Data shown START
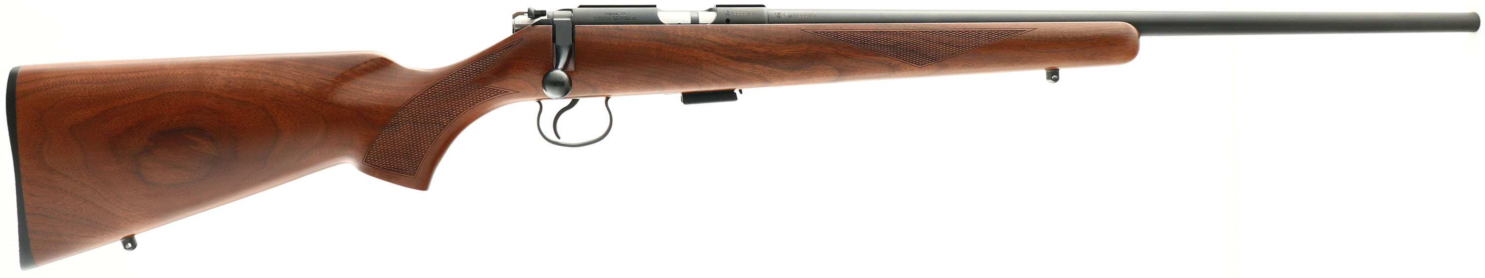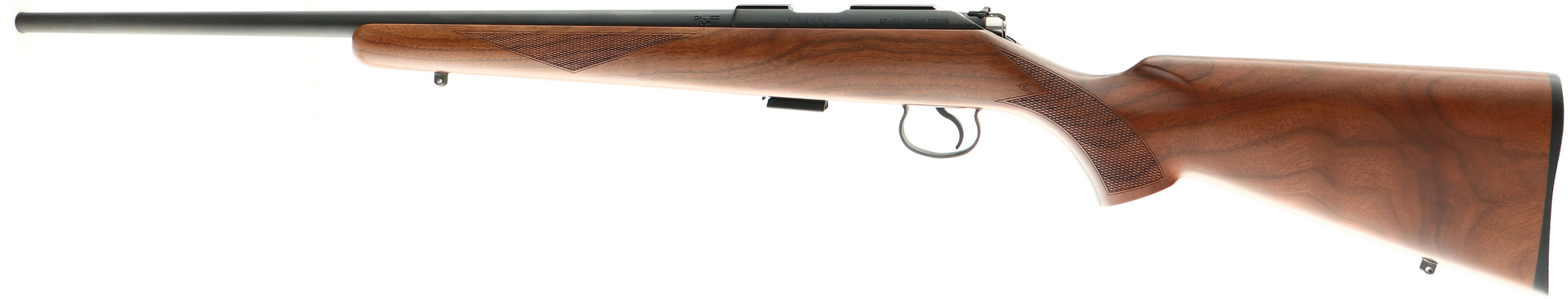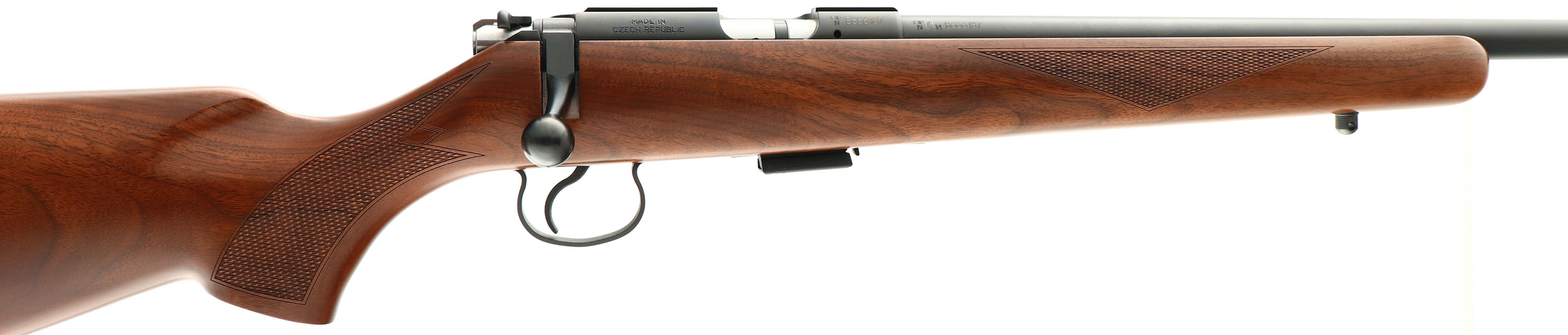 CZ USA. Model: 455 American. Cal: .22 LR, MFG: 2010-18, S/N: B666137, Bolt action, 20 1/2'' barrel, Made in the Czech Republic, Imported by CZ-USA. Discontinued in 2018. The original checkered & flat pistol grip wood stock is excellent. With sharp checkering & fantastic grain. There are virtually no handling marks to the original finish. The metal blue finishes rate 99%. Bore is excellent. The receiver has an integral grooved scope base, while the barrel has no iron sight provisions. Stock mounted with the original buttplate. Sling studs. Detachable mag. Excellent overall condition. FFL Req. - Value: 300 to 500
Data shown END
Data shown START
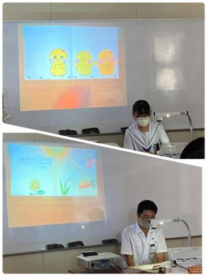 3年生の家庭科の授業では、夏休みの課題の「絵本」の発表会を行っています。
Data shown END
Data shown START
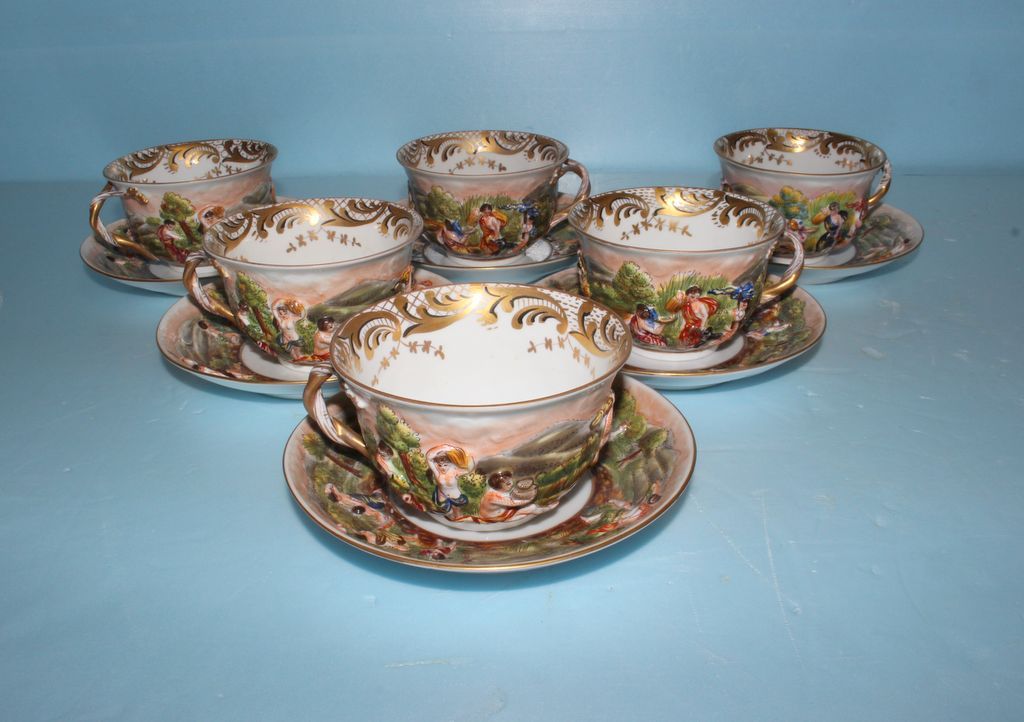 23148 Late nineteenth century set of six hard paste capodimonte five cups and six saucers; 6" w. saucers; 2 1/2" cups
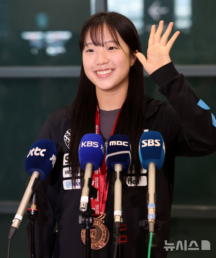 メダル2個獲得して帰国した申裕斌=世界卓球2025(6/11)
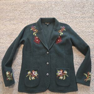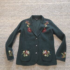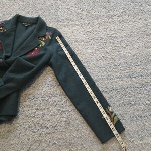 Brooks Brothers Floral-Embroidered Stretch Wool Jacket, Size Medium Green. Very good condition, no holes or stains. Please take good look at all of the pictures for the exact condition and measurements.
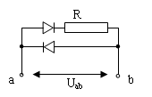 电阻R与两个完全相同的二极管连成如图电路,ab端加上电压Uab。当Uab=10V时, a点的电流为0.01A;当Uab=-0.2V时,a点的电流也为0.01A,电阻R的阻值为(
Data shown END
— Action item —
Among the entries above, find the line with "23148 Late nineteenth" and repeat exactly from there through the line with "电阻R与两个完全相同的二极管", leaving out the pictures.

— Solution for this problem —
 23148 Late nineteenth century set of six hard paste capodimonte five cups and six saucers; 6" w. saucers; 2 1/2" cups
 メダル2個獲得して帰国した申裕斌=世界卓球2025(6/11)
 Brooks Brothers Floral-Embroidered Stretch Wool Jacket, Size Medium Green. Very good condition, no holes or stains. Please take good look at all of the pictures for the exact condition and measurements.
 电阻R与两个完全相同的二极管连成如图电路,ab端加上电压Uab。当Uab=10V时, a点的电流为0.01A;当Uab=-0.2V时,a点的电流也为0.01A,电阻R的阻值为(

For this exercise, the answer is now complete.